I also ran a quick calculation of how fumble rates regress as well, and rookies who lost 8 or more fumbles their rookie season while attempting at least 400 passes saw their fumble rates drop by 0.6 percent on average (i.e. Joe Flacco lost 11 fumbles his rookie year and only 8 his next year). Plugging in Jones’ numbers to this calculus gives us a total of 16 fumbles. Even though his ball insecurity rate should regress to the mean some, the projected increase in playing time could keep his butterfingers slipping this year. It’s worth noting that this projection is much less sticky year-over-year than even touchdown or interception scoring, but quarterbacks with fumbling issues don’t often ever become incredibly secure and secure quarterbacks don’t tend to get reckless in the future.

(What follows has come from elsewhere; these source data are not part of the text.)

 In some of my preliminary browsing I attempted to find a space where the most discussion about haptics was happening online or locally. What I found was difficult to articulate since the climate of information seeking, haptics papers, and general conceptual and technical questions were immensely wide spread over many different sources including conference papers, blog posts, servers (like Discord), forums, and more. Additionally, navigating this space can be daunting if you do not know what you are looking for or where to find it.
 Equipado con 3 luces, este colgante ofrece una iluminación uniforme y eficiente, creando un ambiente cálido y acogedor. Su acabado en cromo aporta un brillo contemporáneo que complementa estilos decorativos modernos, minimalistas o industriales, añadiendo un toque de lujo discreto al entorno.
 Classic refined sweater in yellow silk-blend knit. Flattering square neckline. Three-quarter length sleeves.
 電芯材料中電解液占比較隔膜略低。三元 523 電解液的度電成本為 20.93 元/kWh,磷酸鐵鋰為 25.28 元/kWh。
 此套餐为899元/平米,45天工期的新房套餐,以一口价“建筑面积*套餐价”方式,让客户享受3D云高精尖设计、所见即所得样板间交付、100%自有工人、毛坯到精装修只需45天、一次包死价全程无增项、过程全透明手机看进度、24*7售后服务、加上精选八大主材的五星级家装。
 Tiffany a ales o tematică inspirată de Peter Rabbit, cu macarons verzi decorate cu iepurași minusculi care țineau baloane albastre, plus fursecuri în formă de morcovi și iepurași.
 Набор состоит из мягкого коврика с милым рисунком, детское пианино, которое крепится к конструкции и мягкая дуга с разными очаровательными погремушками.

What is especially sticky is Average Depth of Target (aDOT), and Jones’ 8.0 aDOT ranks a below-average 16th among the 27 passers who dropped back 400 times or more last year. Perhaps the Giants open things up with Jones in 2020, since he showed he was largely capable at avoiding interceptions last year, but I’d be skeptical of assuming they change much besides focusing on not turning the ball over.

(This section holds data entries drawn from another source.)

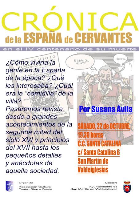 La Asociación Cultural Teatro Sierra Oeste, de San Martín de Valdeiglesias, propone una nueva actividad cultural, la conferencia "Crónica de la España de Cervantes", un recorrido a través de la vida en el siglo XVI, destacando algunas de las noticias más importantes que arcaron esa época.La periodista madrileña Susana Ávila es la responsable de analizar la historia, la política, la economía y la sociedad españolas a tarvés de la vida de Miguel de Cervantes, que sirve como hilo conductor y como anclaje.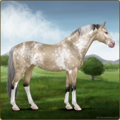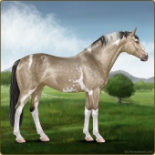 Name: 38584580Age: 15 Gelding Color: Light Bay Roan Dun Tobiano Appaloosa Breed: Sport Horse Foal Rating: S/S/S |  |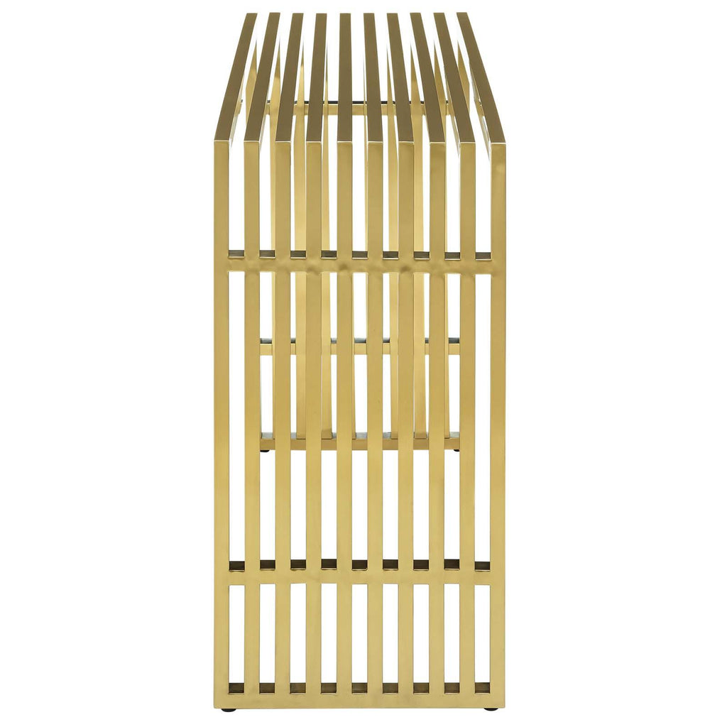 Straight lines were once deemed the realm of strict logic. This conduit design accomplishes something quite profound. It blends linear components with a stylish gold-colored stainless steel tubular effect. Modernism used to be about extremes. Wild shapes and patterns that don�t dare resemble its predecessors. We�ve reached an age of maturity of sorts. We appreciate style, but all the more, we respect those designs that represent a blending of cultures. The Gridiron tubular stainless steel console table is famous not for its radical shape, but for the strategic transcendence that it provides. Gridiron is perfect for reception rooms, living and lounge areas, and any other place in need of transformation. Comes fully assembled.
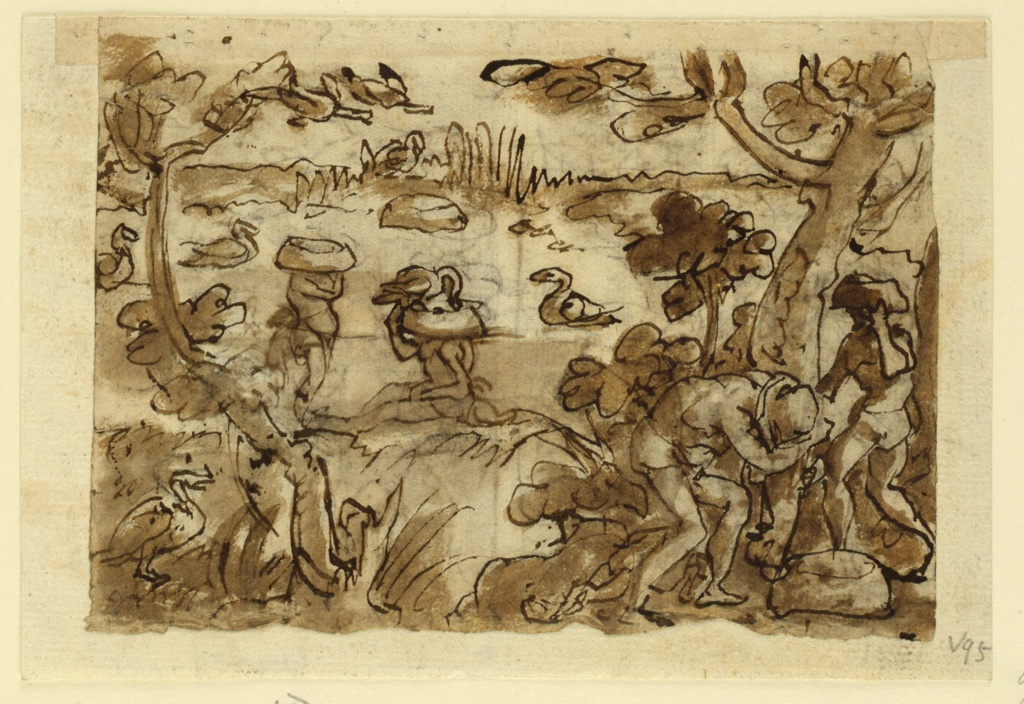 Drawing, Hunting Ducks using Pumpkins in the West Indies; Jan van der Straet, called Stradanus (Flemish, 1523–1605); Engraved by Hans Collaert II (Flemish, 1560 - 1628), Cornelis Galle I; Published by Philips Galle (Flemish, 1537 - 1612); Subject: Gonzalo Fernándo de Oviedo y Valdés (Spanish, 1478 – 1557); Netherlands; pen and ink, brush and brown wash on laid paper; H x W: 10.1 × 13.8 cm (4 in. × 5 7/16 in.); Museum purchase through gift of various donors; 1901-39-131

Fantasy players will hope that the “Konami Code” rushing value he provides could be a floor, but even that has bad news. Since 2000, there have been just 35 quarterback seasons with 6.0 rushing yards per attempt or more on at least 40 attempts; Jones was one of those. However, only four times has a player achieved those numbers in back-to-back seasons: three were Michael Vick, and one was 2017-18 Mitchell Trubisky. Jones has some Trubisky to his game (not a compliment), but he could find it tough to be as efficient or productive on the ground, even if he runs more frequently in 2020.

Jones’ Fantasy Potential for 2020

Our models project Jones as the 19th-best quarterback in fantasy football this year: a middling QB2 in most leagues. We afford him 4,023 passing yards, 24 touchdowns, and 13 interceptions on 582 attempts, along with 61 rushing attempts for 266 yards and 2 touchdowns.

Surprisingly, Jones is being drafted as the 14th-highest quarterback in BestBall10s ADP, in the same range as early-season 2019 darling Matthew Stafford and ahead of more compelling targets like Jared Goff and Baker Mayfield.

While a 13th-round pick in most fantasy leagues isn’t a huge price to pay, it seems that Jones’ potential upside after a year of growth is being overvalued, while his lack of consistency and troubling floor is being undervalued. In a best ball or DFS format, you can mitigate some of this risk due to starting him only when he’s your best option. In season-long leagues or dynasty formats, though, I’m not sold on his long-term potential.

If you’re looking at cashing in on “Danny Dimes” in 2020, I’d suggest doing so before his market bottoms out.